目的探究动态动脉硬化指数(AASI)联合血清肿瘤坏死因子受体相关因子6(TRAF6)、前蛋白转化酶枯草溶菌素9(PCSK9)对急性分水岭脑梗死(CWI)病人的预后价值。方法选取2019年8月至2021年8月保定市第二中心医院收治的96例急性CWI病人为研究组,另取同期体检健康者80例为对照组。收集病人一般临床资料,并对研究组和对照组的血清TRAF6、PCSK9水平及AASI进行检测;根据研究组病人预后情况将其分为预后良好组(67例)和预后不良组(29例),多因素logistic回归分析急性CWI病人预后的影响因素;绘制AASI与血清TRAF6、PCSK9对急性CWI病人预后评估的受试者操作特征曲线(ROC曲线)。结果研究组血清TRAF6(1.48±0.34)µg/L、PCSK9(97.25±14.25)µg/L水平及AASI(0.56±0.15)高于对照组(0.87±0.19)µg/L、(82.78±9.17)µg/L、(0.36±0.11)(P<0.05)。预后良好组与预后不良组年龄、美国国立卫生研究院卒中量表(NIHSS)评分、空腹血糖、狭窄程度及血管斑块性质差异有统计学意义(P<0.05)。预后不良组血清TRAF6(1.77±0.37)µg/L、PCSK9(104.82±17.93)µg/L水平及AASI(0.62±0.12)高于预后良好组(1.35±0.21)µg/L、(93.97±12.65)µg/L、0.53±0.09(P<0.05)。
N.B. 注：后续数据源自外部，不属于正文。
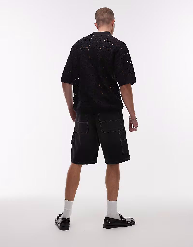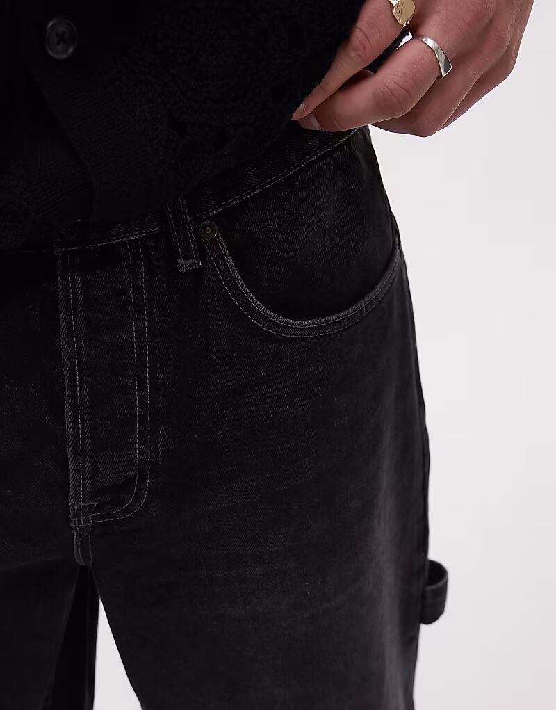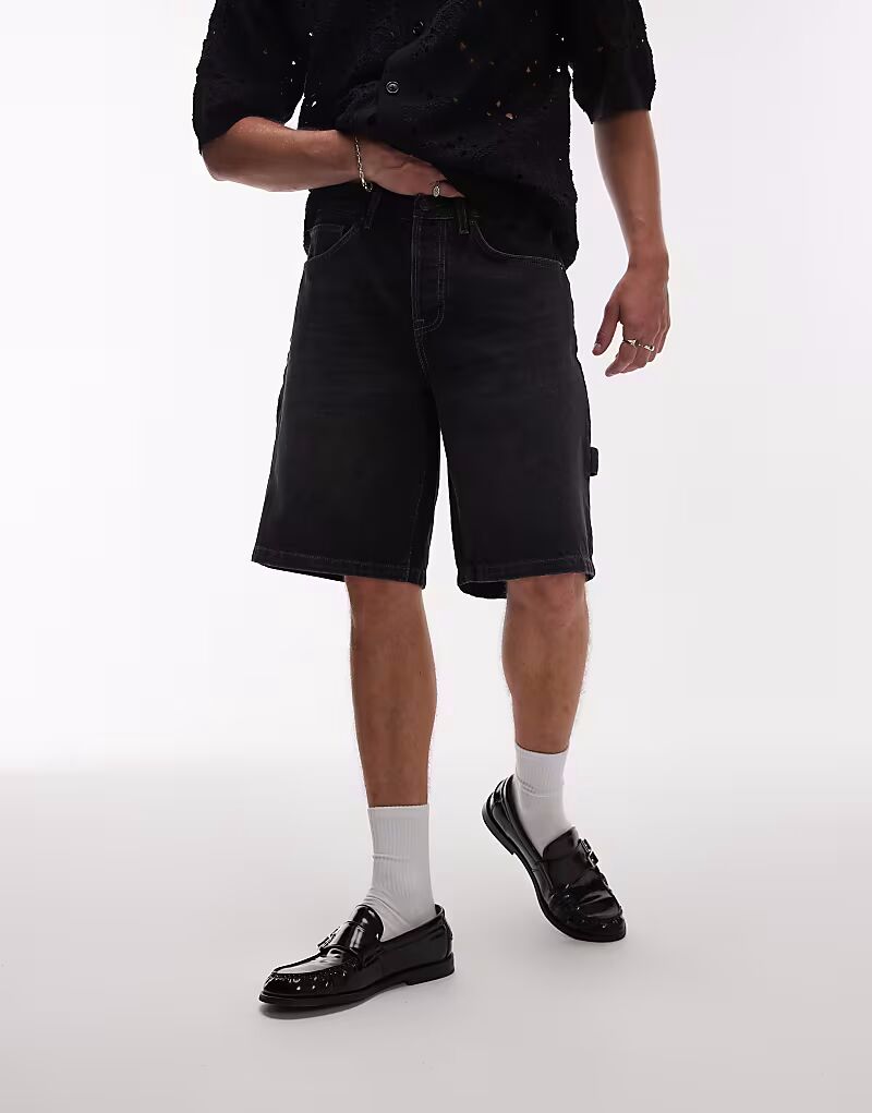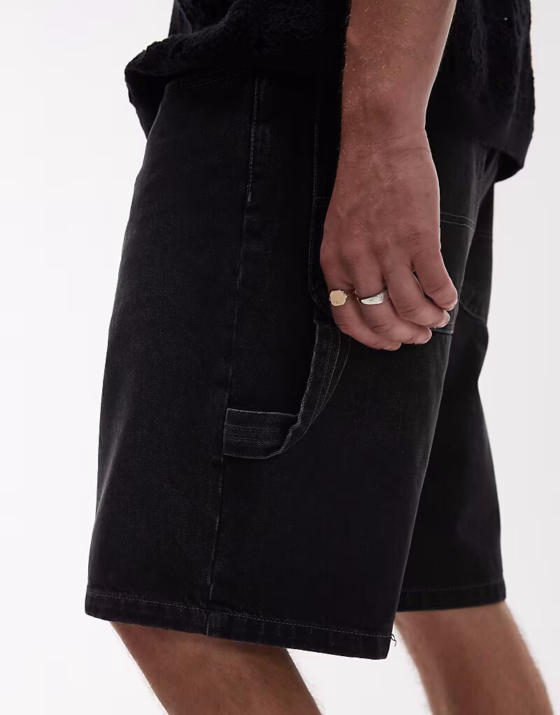 Шорты из денима Topman Carpenter черного цвета с потертостями
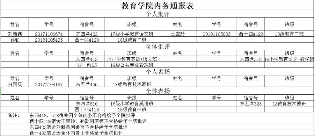 教育学院内务通报表
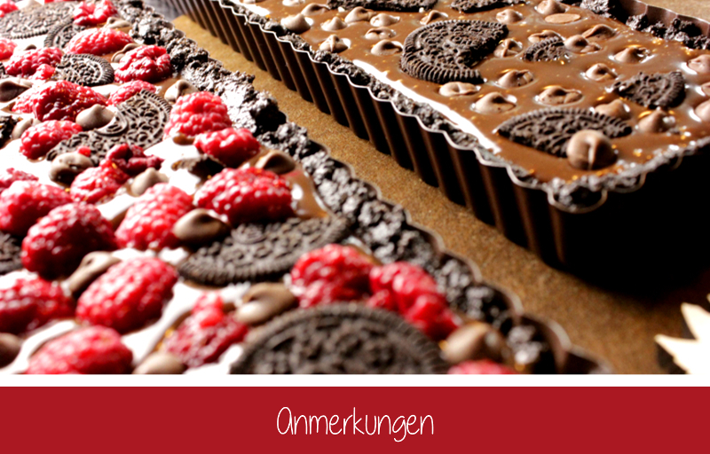Ganz ehrlich: Meiner Meinung nach braucht diese Tarte Obst! Zum Einen sieht es viel hübscher aus, wenn ihr einen Farbklecks habt und zum Anderen ist es sonst eine so schokoladige Sünde, dass es vielen zu süß sein wird (O-Ton auf dem Geburtstag: “Gott, ist das geil, aber ich kriege jetzt bestimmt Diabetes”). Solltet ihr gar kein Obst mögen, geht es natürlich auch ohne – dann würde ich aber zumindest bei der Kuvertüre Zartbitter und nicht Vollmilch nehmen. Ich glaube, mehr bleibt mir jetzt auch gar nicht mehr zu sagen. Außer: Das Rezept ist so kinderleicht, dass ich es jedem von euch empfehlen kann. Und als letzter Ratschlag: Das Ganze lässt sich super simpel verdoppeln, um zwei Tartes gleichzeitig zu machen.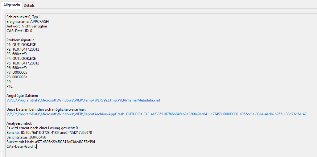 Laut Blog-Leser steht auch in der WER Datei nichts brauchbares drin. Zum Testen wurden dann noch alle Addins deaktiviert, was aber erfolglos bliebt. Und auch im abgesicherten Modus passieren die Abstürze.

多因素logistic回归分析结果显示NIHSS评分、狭窄程度、血管斑块性质、AASI、血清TRAF6、PCSK9水平是急性CWI病人预后的影响因素(P<0.05)。AASI联合血清TRAF6、PCSK9预测急性CWI病人预后的AUC是0.92,灵敏度为93.10%,特异度为76.12%,Youden指数为0.69,优于AASI、TRAF6、PCSK9各自单独预测(P<0.05)。结论急性CWI病人血清TRAF6、PCSK9水平显著升高,联合AA-SI对病人的预后状况具有较高的预测效能,可为临床的合理干预和改善病人预后提供依据。